What is being asked: Would you give the entries again word for word, with no pictures in the copy?

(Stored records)
════════

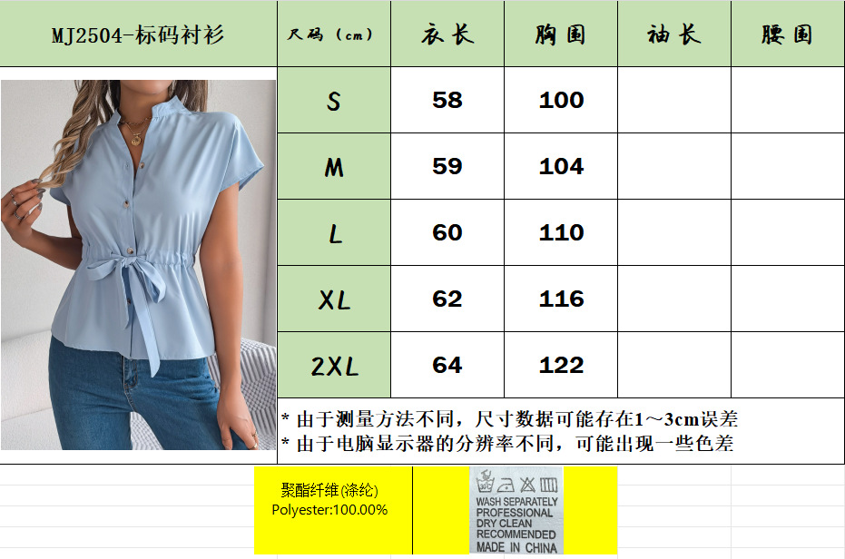2026 하지아마존 크로스보더 셔츠 반팔 쉬폰 브이넥 버튼 셔츠 우아한 벨트 스타일 여성복스토어 가기
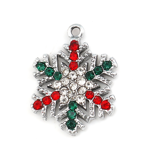 Zinklegierung Charms Weihnachten Schneeflocke Silberfarbe Transparent Strass
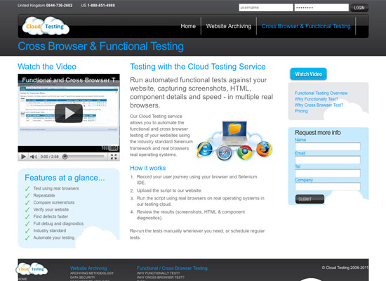 Cloud Testing offers functional cross-browser testing. You record the user journey with your browser and Selenium IDE, upload it, and then Cloud Testing will run that script in multiple operating systems and browsers. It then provides screenshots and HTML and component diagnostics. No prices are listed on its website.
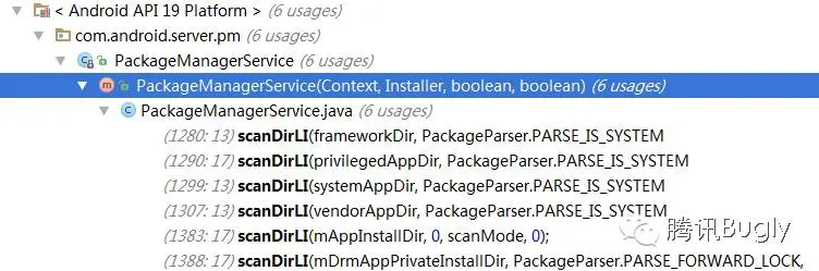 这里 mPackages 是 hashMap,其调用put方法的时机是在 scanPackageLI 方法中,而 scanPackageLI 的调用地方是在程序安装和替换函数中,还有就是 scanDirLi 中,代码略。
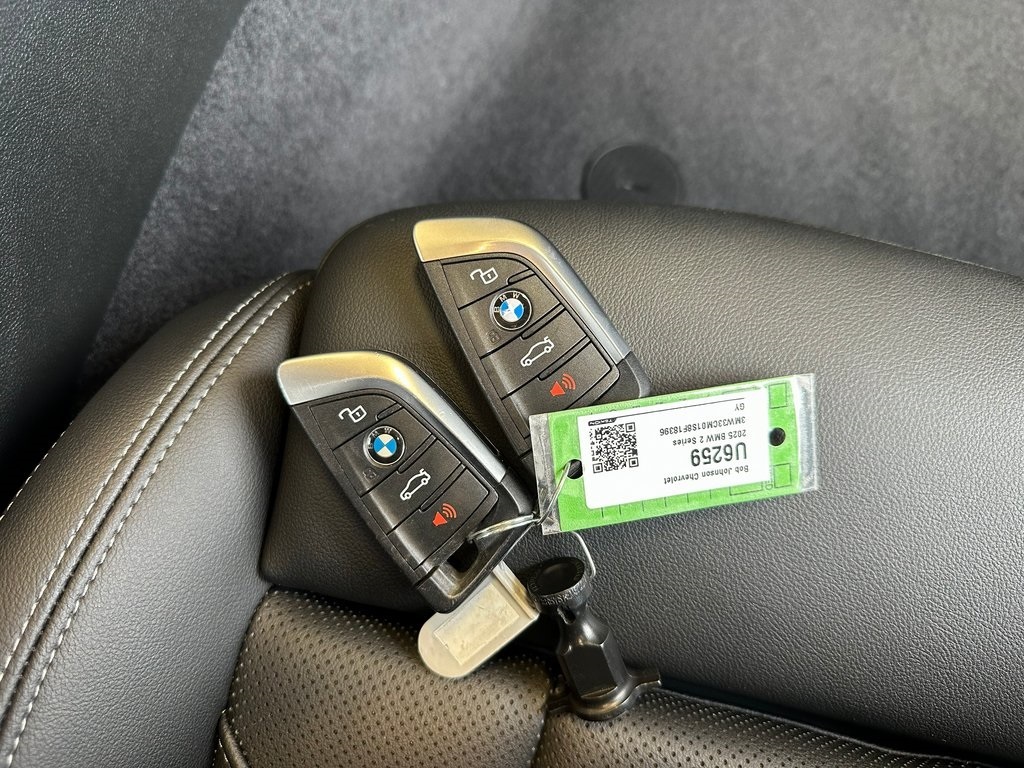 Certified.BMW 2 Series 230i xDrive , stock number: U6259 located at Bob Johnson Certified Collection in Rochester, New York. Some of the stand out features and benefits of this nice pre-owned BMW 2 Series include: 10 Speakers, Adaptive Full LED Lights, Automatic High Beams, Comfort Access Keyless Entry, Connected Package Pro, Heated Front Seats, Heated Steering Wheel, Live Cockpit Pro w/Head-Up Display, Moonroof, Premium Package, Universal Garage-Door Opener.Certification Program Details: CarBravo Certified vehicles come with a standard limited warranty. 6-month/6,000-mile limited bumper-to-bumper warranty, with no deductible. Comprehensive 126 multi-point inspection by expert Certified Service technicians. A 10-day/500-mile vehicle exchange programBob Johnson Certified Collection is a stand-alone, pre-owned facility that rivals many franchise dealers' facilities. The selection and reconditioning process is unmatched and has set a new standard for pre-owned dealers entirely. Only the best-of-the-best qualify for our retail lot. While we see dozens of vehicles each day, only a few "make the team". This pre-owned 2025 BMW 2 Series is one of those few. Please verify the accuracy of information in regards to the actual vehicle equipment, miles, vehicle specifications, location, and vehicle price with dealer. For more information on this 2 Series, or to make an appointment call us at 585-339-2731 .Priced below KBB Fair Purchase Price!Skyscraper Gray Metallic2025 BMW 2 Series 230i xDrive CarBravo Certified230i xDrive2.0L I4 16V TwinPower Turbo2D CoupeAWD8-Speed Automatic Sport2 Series25/33 City/Highway MPG BMW 25/33 City/Highway MPG
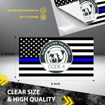 Show moreIntroducing the **5PCS Thin Blue Line Sticker Code 4**, a stunning collection of premium decals designed exclusively for those who want to display their unwavering support for law enforcement. Each sticker showcases a bold and vibrant American flag associated with the emblematic Thin Blue Line, celebrating our heroes in uniform. These decals are not just aesthetically pleasing; they are crafted from **100% premium vinyl** with **military-grade durability**, ensuring they withstand even the toughest weather conditions while retaining their vivid colors. The generous size of each sticker, at **6 x 3.16 inches**, ensures your message is seen and appreciated from a distance, making them perfect for a variety of surfaces, including vehicle bumpers, windows, and laptops.
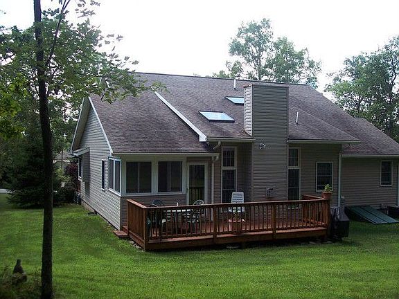 Woodloch Springs....JUST REDUCED Contemporary Country Custom Home, located on a cul de sac, with over acre of land and across the street from The Destination Spa. This custom home features such extras as: hardwood floors, corian counter tops, ceiling fans, central vac, Anderson thermo/tilt in windows, central air and sky lights. It also has 3 bedrooms (MBR on first floor), plus a den, 3 baths, large eat in kitchen, and a separate dining room. You will have plenty of room for family and friends to enjoy the very peaceful wooded back yard
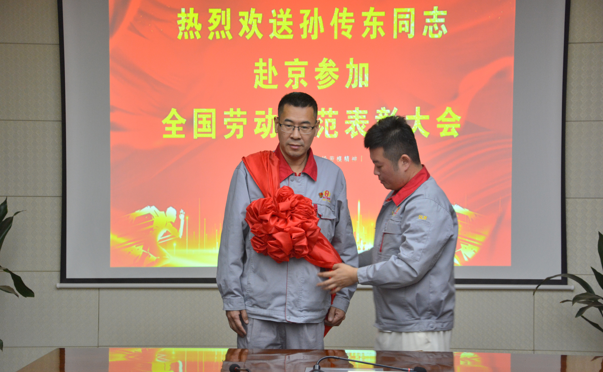 在參會(huì)人員熱烈的掌聲中,公司董事長兼總經(jīng)理杜大平為孫傳東同志佩戴大紅花,并獻(xiàn)上鮮花。董事長為其榮獲“全國勞模”的殊榮表示熱烈祝賀,向他愛崗敬業(yè)追求卓越勇攀高峰的工匠精神表示敬意!

════════

Solution to the exercise:
2026 하지아마존 크로스보더 셔츠 반팔 쉬폰 브이넥 버튼 셔츠 우아한 벨트 스타일 여성복스토어 가기
 Zinklegierung Charms Weihnachten Schneeflocke Silberfarbe Transparent Strass
 Cloud Testing offers functional cross-browser testing. You record the user journey with your browser and Selenium IDE, upload it, and then Cloud Testing will run that script in multiple operating systems and browsers. It then provides screenshots and HTML and component diagnostics. No prices are listed on its website.
 这里 mPackages 是 hashMap,其调用put方法的时机是在 scanPackageLI 方法中,而 scanPackageLI 的调用地方是在程序安装和替换函数中,还有就是 scanDirLi 中,代码略。
 Certified.BMW 2 Series 230i xDrive , stock number: U6259 located at Bob Johnson Certified Collection in Rochester, New York. Some of the stand out features and benefits of this nice pre-owned BMW 2 Series include: 10 Speakers, Adaptive Full LED Lights, Automatic High Beams, Comfort Access Keyless Entry, Connected Package Pro, Heated Front Seats, Heated Steering Wheel, Live Cockpit Pro w/Head-Up Display, Moonroof, Premium Package, Universal Garage-Door Opener.Certification Program Details: CarBravo Certified vehicles come with a standard limited warranty. 6-month/6,000-mile limited bumper-to-bumper warranty, with no deductible. Comprehensive 126 multi-point inspection by expert Certified Service technicians. A 10-day/500-mile vehicle exchange programBob Johnson Certified Collection is a stand-alone, pre-owned facility that rivals many franchise dealers' facilities. The selection and reconditioning process is unmatched and has set a new standard for pre-owned dealers entirely. Only the best-of-the-best qualify for our retail lot. While we see dozens of vehicles each day, only a few "make the team". This pre-owned 2025 BMW 2 Series is one of those few. Please verify the accuracy of information in regards to the actual vehicle equipment, miles, vehicle specifications, location, and vehicle price with dealer. For more information on this 2 Series, or to make an appointment call us at 585-339-2731 .Priced below KBB Fair Purchase Price!Skyscraper Gray Metallic2025 BMW 2 Series 230i xDrive CarBravo Certified230i xDrive2.0L I4 16V TwinPower Turbo2D CoupeAWD8-Speed Automatic Sport2 Series25/33 City/Highway MPG BMW 25/33 City/Highway MPG
 Show moreIntroducing the **5PCS Thin Blue Line Sticker Code 4**, a stunning collection of premium decals designed exclusively for those who want to display their unwavering support for law enforcement. Each sticker showcases a bold and vibrant American flag associated with the emblematic Thin Blue Line, celebrating our heroes in uniform. These decals are not just aesthetically pleasing; they are crafted from **100% premium vinyl** with **military-grade durability**, ensuring they withstand even the toughest weather conditions while retaining their vivid colors. The generous size of each sticker, at **6 x 3.16 inches**, ensures your message is seen and appreciated from a distance, making them perfect for a variety of surfaces, including vehicle bumpers, windows, and laptops.
 Woodloch Springs....JUST REDUCED Contemporary Country Custom Home, located on a cul de sac, with over acre of land and across the street from The Destination Spa. This custom home features such extras as: hardwood floors, corian counter tops, ceiling fans, central vac, Anderson thermo/tilt in windows, central air and sky lights. It also has 3 bedrooms (MBR on first floor), plus a den, 3 baths, large eat in kitchen, and a separate dining room. You will have plenty of room for family and friends to enjoy the very peaceful wooded back yard
 在參會(huì)人員熱烈的掌聲中,公司董事長兼總經(jīng)理杜大平為孫傳東同志佩戴大紅花,并獻(xiàn)上鮮花。董事長為其榮獲“全國勞模”的殊榮表示熱烈祝賀,向他愛崗敬業(yè)追求卓越勇攀高峰的工匠精神表示敬意!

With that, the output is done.